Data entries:

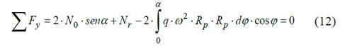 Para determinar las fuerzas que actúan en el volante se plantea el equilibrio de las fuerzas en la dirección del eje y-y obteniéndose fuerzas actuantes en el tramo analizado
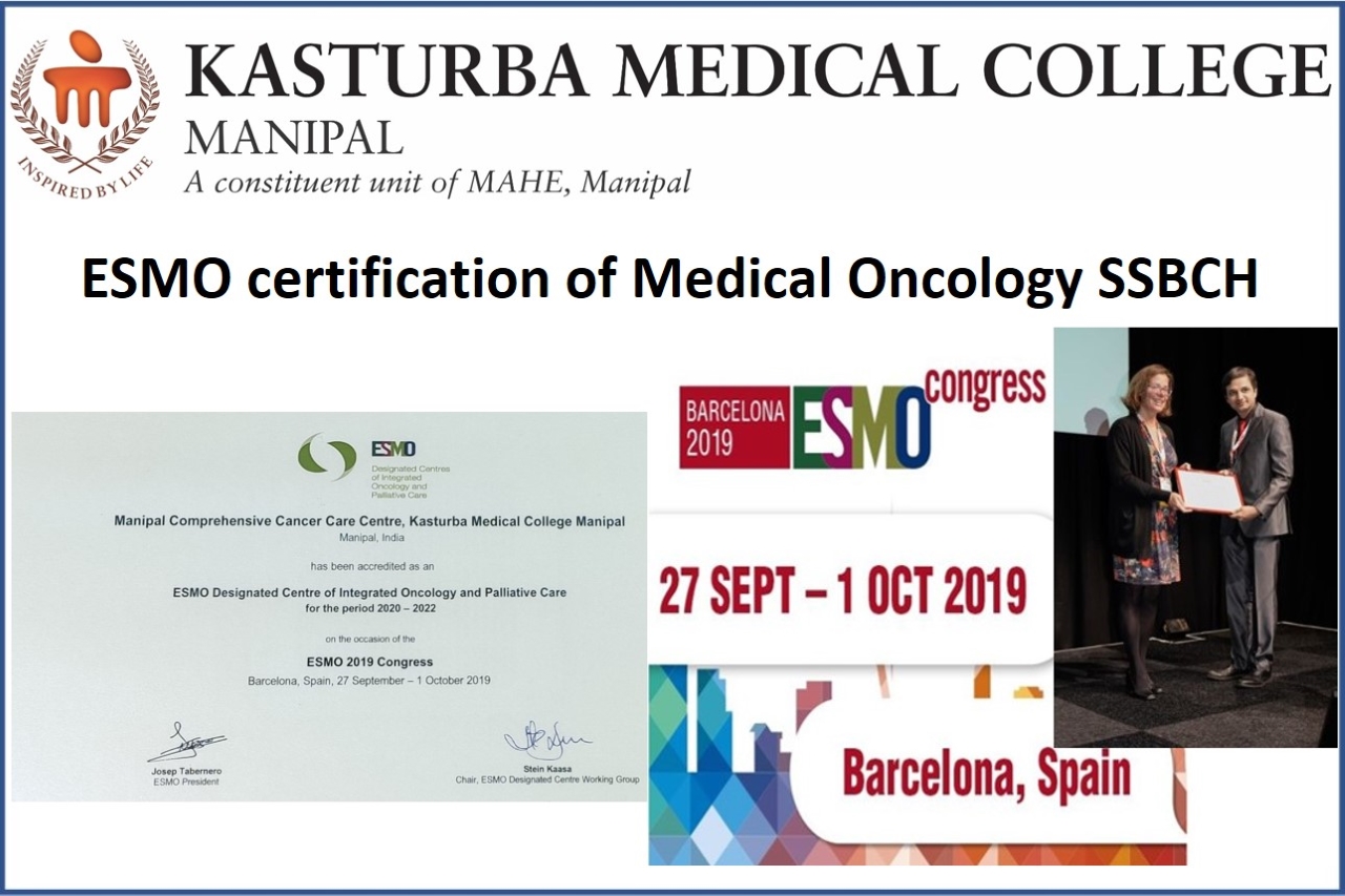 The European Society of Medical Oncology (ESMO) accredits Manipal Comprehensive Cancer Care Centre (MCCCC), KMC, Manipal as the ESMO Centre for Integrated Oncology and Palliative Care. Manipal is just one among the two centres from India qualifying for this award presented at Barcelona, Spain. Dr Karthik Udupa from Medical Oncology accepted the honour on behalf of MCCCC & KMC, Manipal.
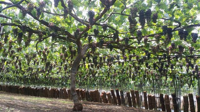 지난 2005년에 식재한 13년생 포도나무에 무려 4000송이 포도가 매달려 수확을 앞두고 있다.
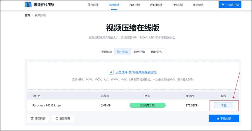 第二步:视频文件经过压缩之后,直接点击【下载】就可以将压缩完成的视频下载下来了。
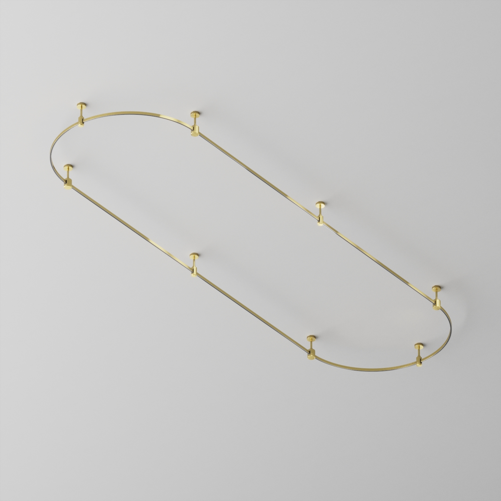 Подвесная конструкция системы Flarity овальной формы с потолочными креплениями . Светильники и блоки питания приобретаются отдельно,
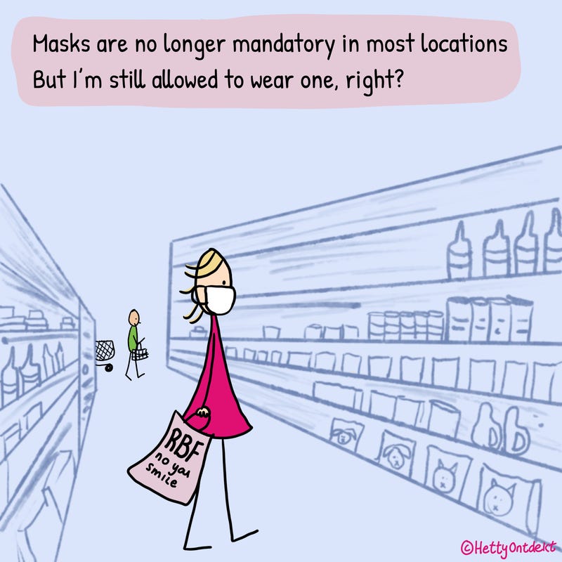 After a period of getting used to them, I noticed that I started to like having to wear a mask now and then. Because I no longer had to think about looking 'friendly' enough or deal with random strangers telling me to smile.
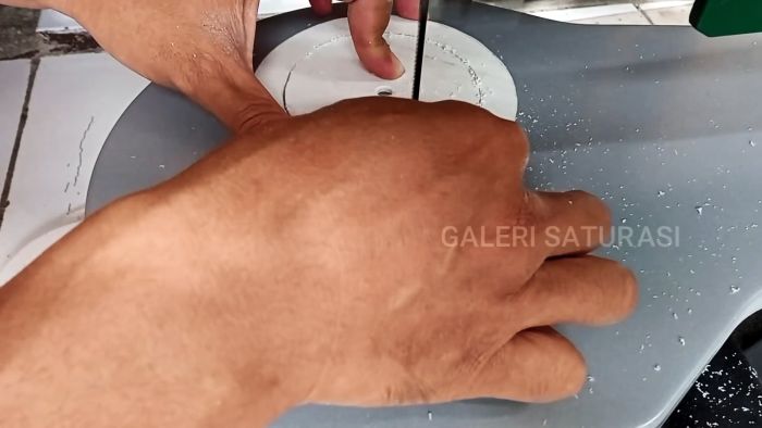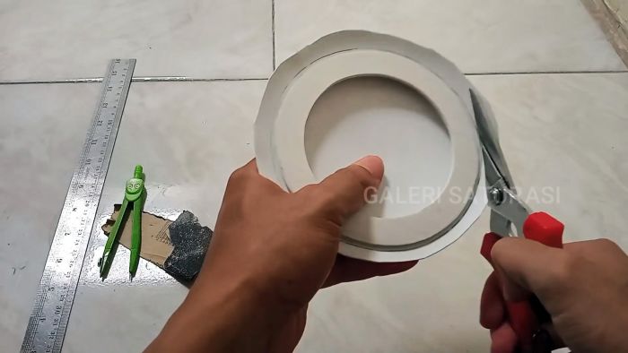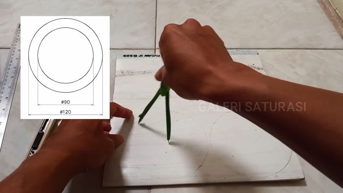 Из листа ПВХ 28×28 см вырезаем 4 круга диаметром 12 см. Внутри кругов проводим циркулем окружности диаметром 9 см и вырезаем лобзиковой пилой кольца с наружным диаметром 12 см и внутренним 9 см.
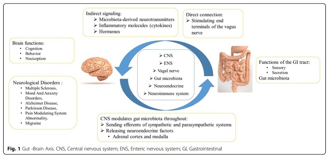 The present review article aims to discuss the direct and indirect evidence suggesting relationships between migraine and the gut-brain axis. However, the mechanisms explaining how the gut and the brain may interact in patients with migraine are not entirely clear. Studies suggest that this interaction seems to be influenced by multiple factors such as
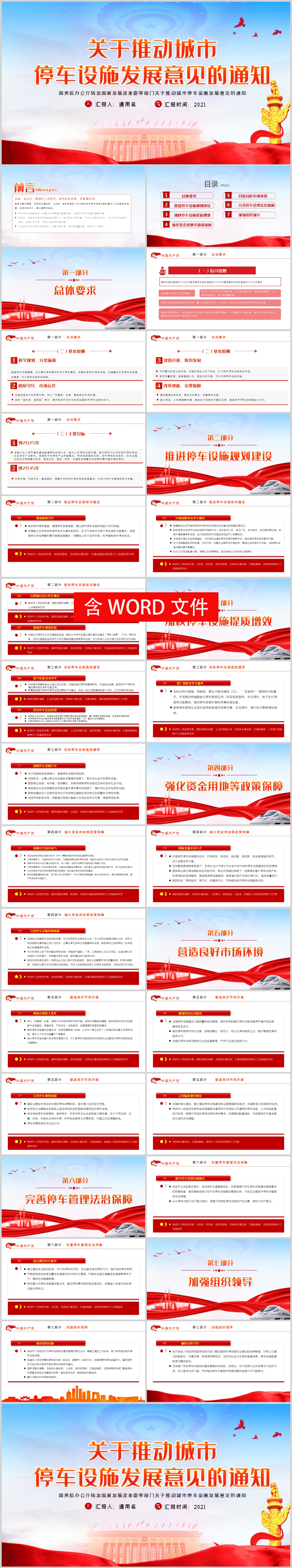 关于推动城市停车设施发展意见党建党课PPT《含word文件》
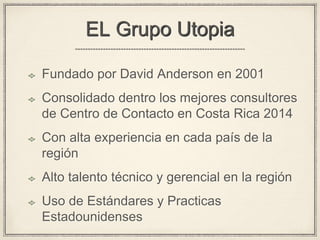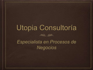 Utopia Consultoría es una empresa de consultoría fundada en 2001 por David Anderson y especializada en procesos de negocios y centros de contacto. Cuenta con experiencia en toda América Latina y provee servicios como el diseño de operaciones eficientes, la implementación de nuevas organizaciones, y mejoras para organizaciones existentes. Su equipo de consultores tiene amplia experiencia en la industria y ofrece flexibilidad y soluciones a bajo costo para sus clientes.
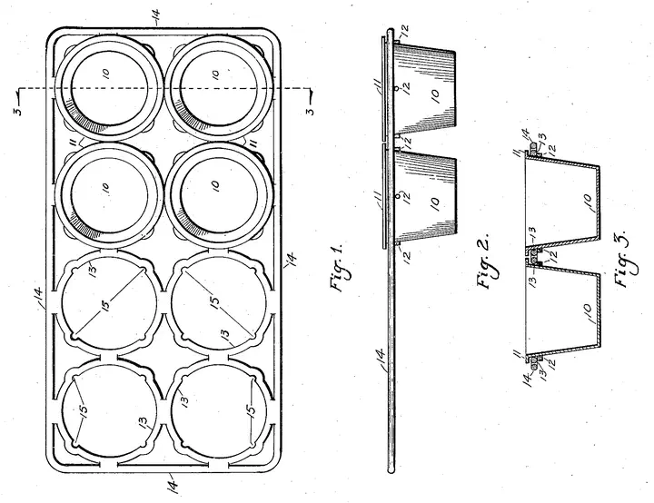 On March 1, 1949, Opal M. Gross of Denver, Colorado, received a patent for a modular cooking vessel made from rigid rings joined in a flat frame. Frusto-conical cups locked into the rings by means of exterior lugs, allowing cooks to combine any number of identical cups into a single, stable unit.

EXERCISE BRIEF => Copy out all the data without changing anything, and drop the pictures.

ANSWER =>
 Para determinar las fuerzas que actúan en el volante se plantea el equilibrio de las fuerzas en la dirección del eje y-y obteniéndose fuerzas actuantes en el tramo analizado
 The European Society of Medical Oncology (ESMO) accredits Manipal Comprehensive Cancer Care Centre (MCCCC), KMC, Manipal as the ESMO Centre for Integrated Oncology and Palliative Care. Manipal is just one among the two centres from India qualifying for this award presented at Barcelona, Spain. Dr Karthik Udupa from Medical Oncology accepted the honour on behalf of MCCCC & KMC, Manipal.
 지난 2005년에 식재한 13년생 포도나무에 무려 4000송이 포도가 매달려 수확을 앞두고 있다.
 第二步:视频文件经过压缩之后,直接点击【下载】就可以将压缩完成的视频下载下来了。
 Подвесная конструкция системы Flarity овальной формы с потолочными креплениями . Светильники и блоки питания приобретаются отдельно,
 After a period of getting used to them, I noticed that I started to like having to wear a mask now and then. Because I no longer had to think about looking 'friendly' enough or deal with random strangers telling me to smile.
 Из листа ПВХ 28×28 см вырезаем 4 круга диаметром 12 см. Внутри кругов проводим циркулем окружности диаметром 9 см и вырезаем лобзиковой пилой кольца с наружным диаметром 12 см и внутренним 9 см.
 The present review article aims to discuss the direct and indirect evidence suggesting relationships between migraine and the gut-brain axis. However, the mechanisms explaining how the gut and the brain may interact in patients with migraine are not entirely clear. Studies suggest that this interaction seems to be influenced by multiple factors such as
 关于推动城市停车设施发展意见党建党课PPT《含word文件》
 Utopia Consultoría es una empresa de consultoría fundada en 2001 por David Anderson y especializada en procesos de negocios y centros de contacto. Cuenta con experiencia en toda América Latina y provee servicios como el diseño de operaciones eficientes, la implementación de nuevas organizaciones, y mejoras para organizaciones existentes. Su equipo de consultores tiene amplia experiencia en la industria y ofrece flexibilidad y soluciones a bajo costo para sus clientes.
 On March 1, 1949, Opal M. Gross of Denver, Colorado, received a patent for a modular cooking vessel made from rigid rings joined in a flat frame. Frusto-conical cups locked into the rings by means of exterior lugs, allowing cooks to combine any number of identical cups into a single, stable unit.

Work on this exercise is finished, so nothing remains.